# Problem to work on
Where the data below contains pictures, omit them; output the rest word for word.

# Dataset content
════════════════

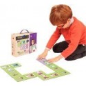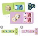 Eurodomino. Contenu de la boîte : 28 dominos géants (13x6.5cm) en carton épais et 15 jetons ronds. But du jeu : on joue avec la face verte ou violette du domino. Chacun leur tour, les joueurs doivent placer l’un de leur jeton correspondant à l’une des extrémités du domino. Si le joueur n’en possède pas, il prendra un jeton dans la pile. Le premier joueur qui n’aura plus d’argent gagnera la partie. Intérêts Pédagogiques : Connaître les pièces et billets, travailler la décomposition et le calcul mental. A partir de 4 ans
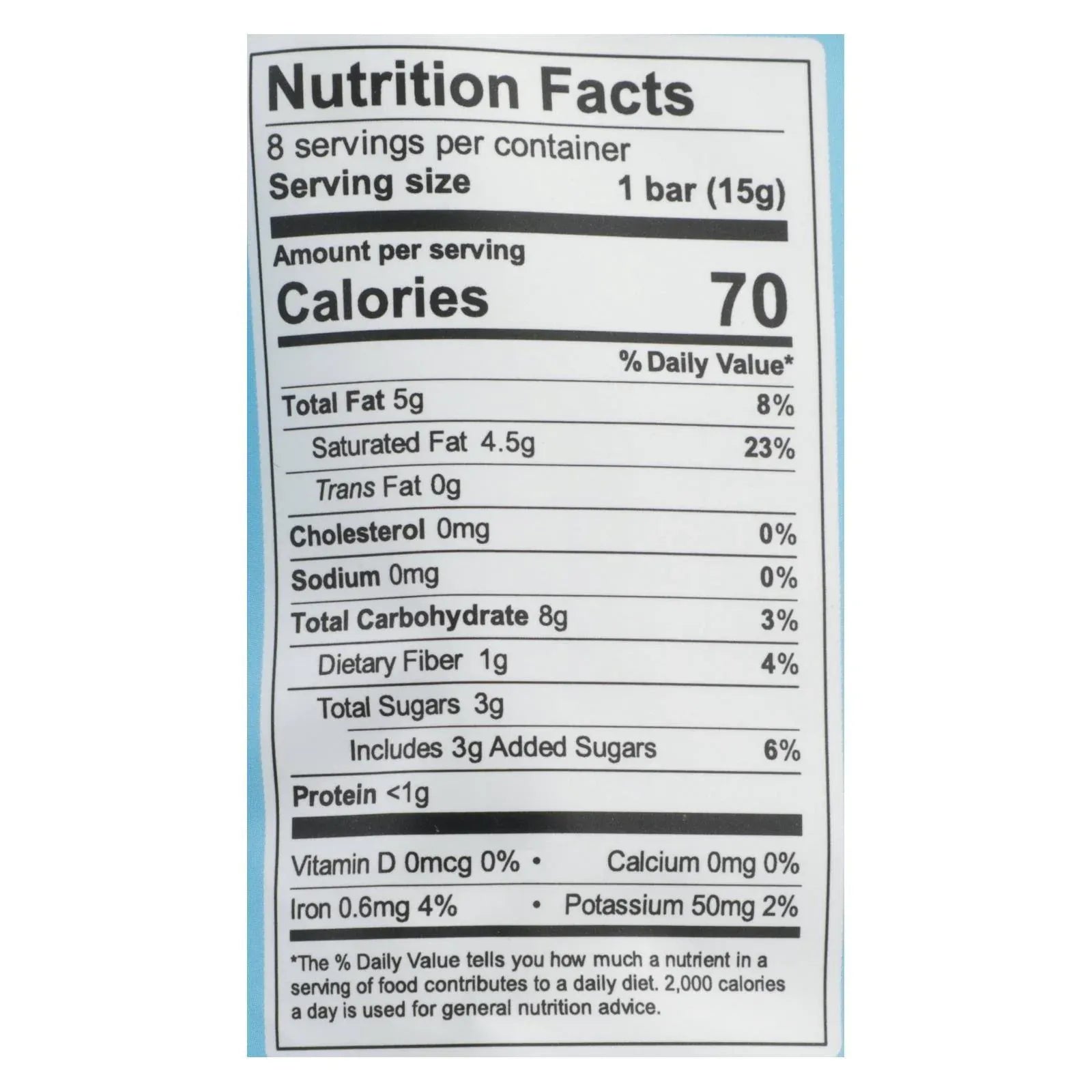 ingredients : organic coconut;organic cassava syrup;dark chocolate (chocolate liquor , cane sugar , cocoa butter , vanilla)
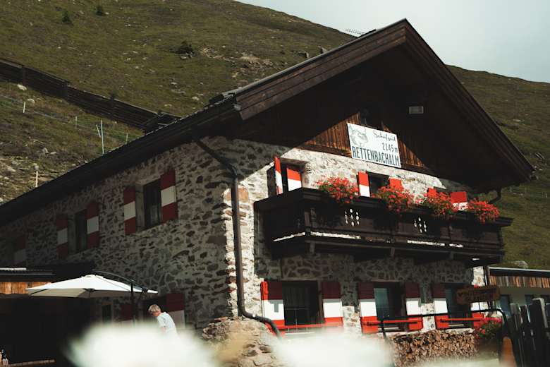 Von der Rettenbachalm mit ihrer großen Sonnenterrasse genießt man einen herrlichen Blick in Richtung Gletscher.

════════════════

# Response below
 Eurodomino. Contenu de la boîte : 28 dominos géants (13x6.5cm) en carton épais et 15 jetons ronds. But du jeu : on joue avec la face verte ou violette du domino. Chacun leur tour, les joueurs doivent placer l’un de leur jeton correspondant à l’une des extrémités du domino. Si le joueur n’en possède pas, il prendra un jeton dans la pile. Le premier joueur qui n’aura plus d’argent gagnera la partie. Intérêts Pédagogiques : Connaître les pièces et billets, travailler la décomposition et le calcul mental. A partir de 4 ans
 ingredients : organic coconut;organic cassava syrup;dark chocolate (chocolate liquor , cane sugar , cocoa butter , vanilla)
 Von der Rettenbachalm mit ihrer großen Sonnenterrasse genießt man einen herrlichen Blick in Richtung Gletscher.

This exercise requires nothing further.